If you have a job with benefits after graduating from college, it’s important to invest in your retirement plan, especially if your company issues a company match. Essentially, the earlier you start investing, the better off you’ll be. A company match is essentially free money for your future, so take advantage of it if you can.
Racking Up High-Interest Debt
Adulthood comes with many freedoms, but it also comes with responsibilities. You learn how to pay your bills on time, how credit scores work, and you can likely access some form of credit if you need to.
Still, many new graduates fall into the trap of accruing credit card debt. According to WalletHub, the average interest rate on existing credit cards is 21.19%, which means if you don’t pay off your balance in full each month, your balance will increase at a rapid rate.

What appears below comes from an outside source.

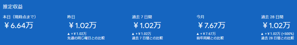 ちなみに昨日からはじめてこのブログにGoogleのアドセンス広告を貼り、収益化してみたのですが、なんと初日で、1.02万円、2日目の今日、現在20時の時点で、6.64万円!笑
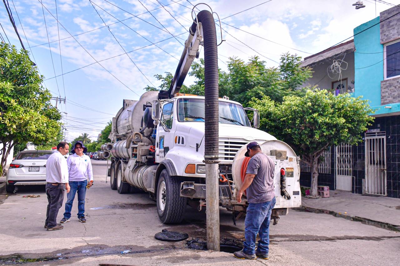 Mazatlán, Sinaloa 7 octubre 2024-. El Gobierno de Mazatlán por instrucciones del Alcalde Edgar González atiende una petición que realizaron los vecinos de la Colonia Juárez por colapso de drenaje.

Ultimately, having high-interest debt can prevent you from reaching many of your other financial goals, so it’s best to avoid it.
Not Learning How To Negotiate
When you get your first job, it can be easy to be so swept up in the process that you fail to negotiate your starting salary. However, your starting salary will be the base for all future progress in your career. That’s why it’s so important to learn how to negotiate early on in your career.
In order to negotiate effectively, research salary averages for your job title in your geographic area. Remember, you can negotiate more than just your salary too. For example, you can ask for more vacation time or other benefits.
Negotiating might seem uncomfortable at first, but it’s a valuable skill that will serve you well throughout your career.
Graduating from college is an important life milestone. It can be an exciting time, but also an uncertain one too.
If you get a job right out of college, being aware of the money mistakes above can help you to avoid financial hardship not only now but later in life too.
If you form good financial habits now, in your 20s, you can set yourself up for significant financial success in the future.